The shelter has a triple entryway and keeps the first entryway intentionally unlocked so people can drop off donations and, yes, animals. “It’s not something we like, it’s not something we hope happens, but it’s better than leaving them tied up outside,” Henning explains. “We’ve had animals left in carriers … on nights we had a storm. We come back the next day, and there’s a poor cat that’s been sitting in a rainstorm overnight. So we [leave the first entryway open] intentionally.”
Henning grabbed gloves and a carrier, picked up the extremely friendly kittens, and set them in the shelter’s isolation room. She then quickly gathered everything in the entryway and sanitized it because unless she did so, the next person inside would end up walking through a big cloud of ringworm spores and into the shelter, which was the last thing the shelter needed.

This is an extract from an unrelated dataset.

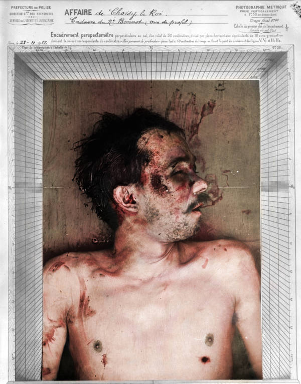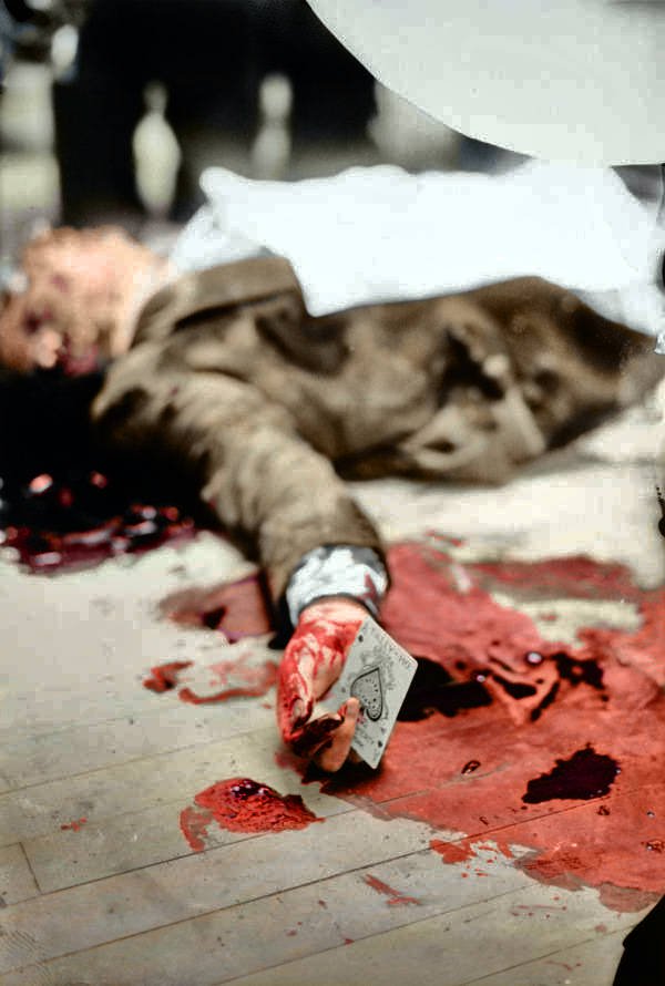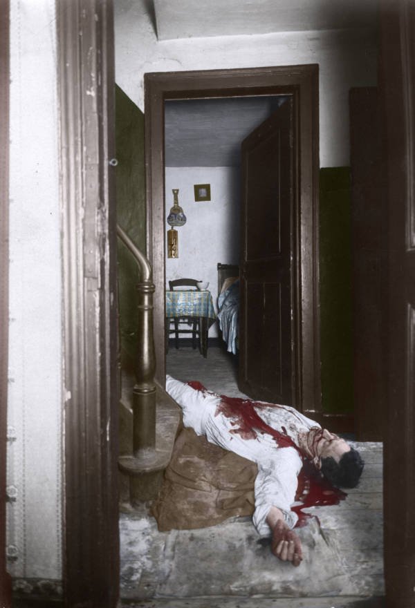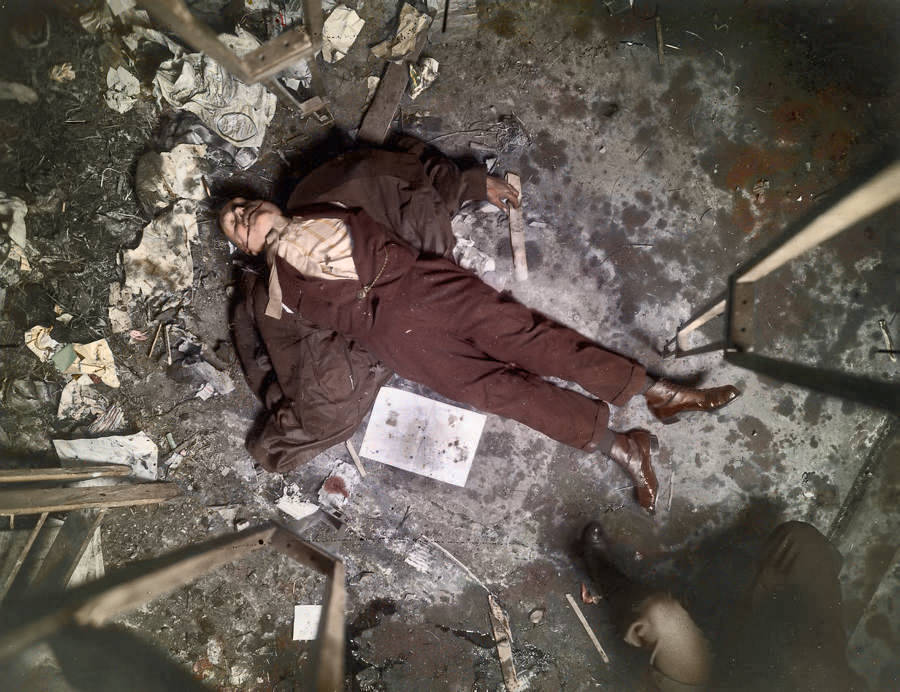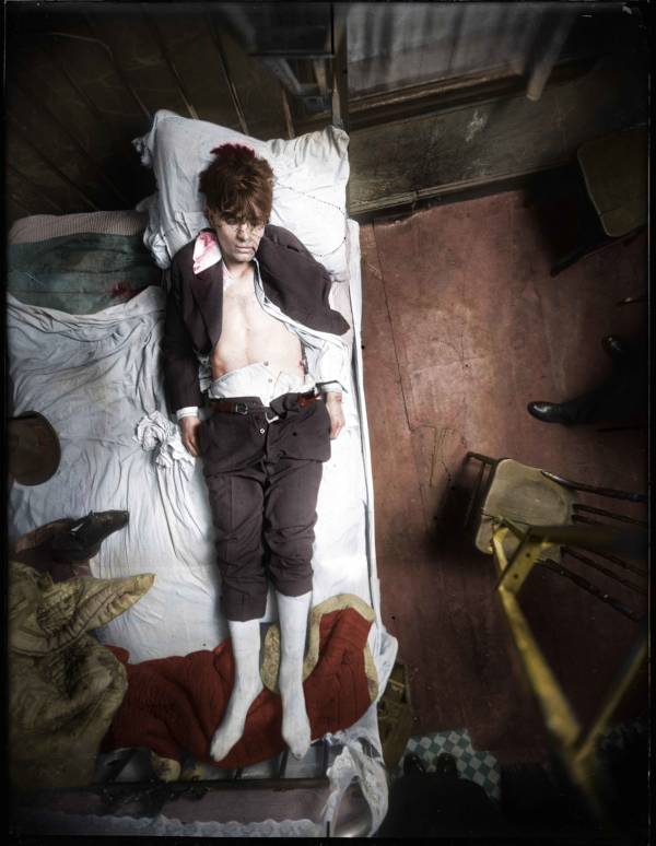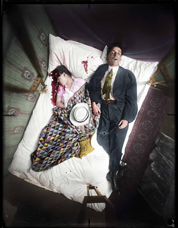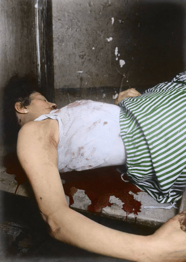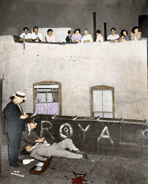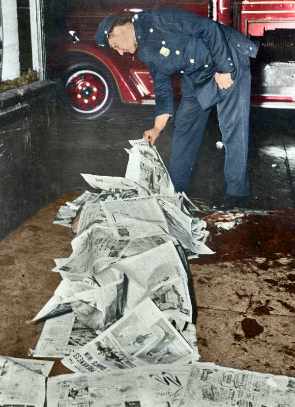 Mafia kingpin Joe Masseria holds the ace of spades, “the death card,” in his hand following his murder on the orders of infamous gangster Charles “Lucky” Luciano in a Coney Island restaurant. 1931.The bodies of two would-be thieves named Robert Green and Jacob Jagendorf after a failed robbery attempt that ended when they accidentally fell down the building’s elevator shaft. New York. 1915.Unspecified New York murder scene. 1916.A New York police officer takes a peek at a dead body covered with newspapers. 1943.Murdered gangster David Beadle, also known as “David the Beetle,” in front of The Spot Bar and Grill in Manhattan. 1939.A police officer crouches under the rear end of a taxi jacked up on a crate and garbage can as the dead body of a man who was hit by the cab lies underneath. 1943.Forensic detectives take the fingerprints of murdered store owner Joseph Gallichio, as he lies on the roof beside his cage of racing pigeons. New York. 1941.The body of a man named Antonio Pemear, who was found murdered in his bed in Brooklyn. 1915.Scene of a murder-suicide in New York’s Central Park. 1952.Two police officers with a dead body in a New York apartment stairwell. 1957.The Saint Valentine’s Day Massacre, in which seven members of the North Side Gang were trapped in a garage, lined up against the wall, and shot to death by members of Al Capone’s rival gang during a power struggle for control of Chicago. 1929.The body of Earl “Hymie” Weiss, leader of Chicago’s North Side Gang. He was killed when Al Capone’s men opened fire with a submachine gun on him and his associates while they were visiting a courthouse where an ally of his was on trial. 1926.The murder scene of Arthur “Dutch Schultz” Flegenheimer, a powerful New York gangster in the 1920s and ’30s who was ultimately killed in Newark, New jersey by an assassin hired by the Mafia Commission. The Commission had denied Schultz’s request to murder the prosecutor that was targeting him. When he disobeyed and attempted the murder anyway, the Commission had him killed. 1935.Close-up of a corpse’s battered and bloodied face. Angres, France. 1912.The dead body of Homer Van Meter, an associate of John Dillinger and a notorious bank robber, who was killed after fleeing police in St. Paul, Minn. 1934.A young woman dead in her bed. Circa 1930.The dead body of Al Capone associate Charles “Cherry Nose” Gioe, who was shot through the head by mafia hitmen hired by a Chicago mob boss whose plans Gioe had unknowingly interfered with. 1954.The body of Brooklyn mobster Frankie Yale. He was killed by unidentified rival gangsters following a car chase through the streets of New York. 1928.The body of mobster Benjamin “Bugsy” Siegel, who was killed by an unknown assailant who shot him through a window with an M1 Carbine while he was staying at an associate’s house in Beverly Hills. 1947.The burnt body of gangster Irving Feinstein, who was set on fire by Murder Inc. killers Harry Strauss and Martin Goldstein and left exposed in a lot in New York City. 1938.The dead body of Joseph Rosen, a candy shop owner who was killed by Murder Inc. leader Louis “Lepke” Buchalter in his own store in Brooklyn. 1936.The naked corpse of American aspiring actress and murder victim Elizabeth Short, known as the “Black Dahlia,” lying in a vacant lot in Los Angeles. 1947.The dead body of Andrew Borden, father of Lizzie Borden, in his house in Fall River, Mass. 1892.Newspaper photographer Arthur Fellig, better known as Weegee, examines a body stuffed into a trunk and deposited on a patch of waste ground in New York. Circa 1945.Weegee photographs a human head at the scene of a murder. Circa 1945.A French crime scene. Circa 1930.A dead man at the foot of a staircase in a French crime scene. 1912.A photo of a bloodied couple lying dead in bed in New York. 1915.An unidentified murder victim. Circa early 20th century.An unidentified dead man in New York City. Circa early 20th century.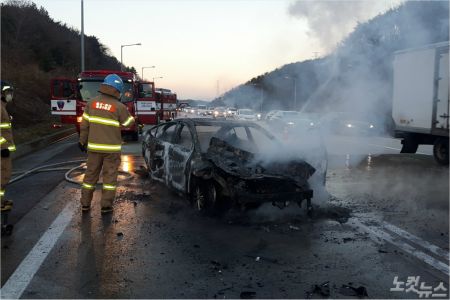 부산울산고속도로에서 차량 추돌사고로 화재가 발생해 차량이 전소하고 일대가 한때 정체를 빚었다.

After sanitizing the entryway, Henning evaluated the kittens and got their sulfur baths started.
“My heart quickly melted from angry and frustrated into poor little babies that obviously had been living like this for a long time, let me help you now,” says Henning. “They were actually as sweet as can be from the moment that we got them. Obviously, someone had them in their home and had been taking care of them.”
The Kittens’ Healing Journey
Their transformation was nothing short of remarkable, especially for the male sibling, Boey, whose ringworm was so bad he almost looked like a burn victim. All three siblings—named Boey, Daria, and Cricket by the shelter—have been inseparable since their arrival. “We’ve had them in and out of isolation a few times during their young lives with us due to ongoing immune system issues,” explains Henning. “We actually put all three of them in together because we tried to separate them, but they don’t like that.”
At one, Boey, Daria, and Cricket are healthy now, though on the small side. “All three are so sweet,” Henning says. “Boey is the most outgoing, while the two sisters are relaxed and sweet and so loving. They’re all just really playful and gentle.”
“They’re really special to us probably partly because they were in such bad shape, and it took such a long time for them to get better and to heal,” explains Henning. “They’re always cuddled up together and acting silly.”
The siblings are still awaiting adoption, and now that they’ve made a full recovery, Henning hopes that will happen soon. While she would love to see them go to a new home together, she knows it’s challenging to adopt three at the same time. The shelter has done it twice before. “They’re so awesome,” she adds, “and they really do love each other.”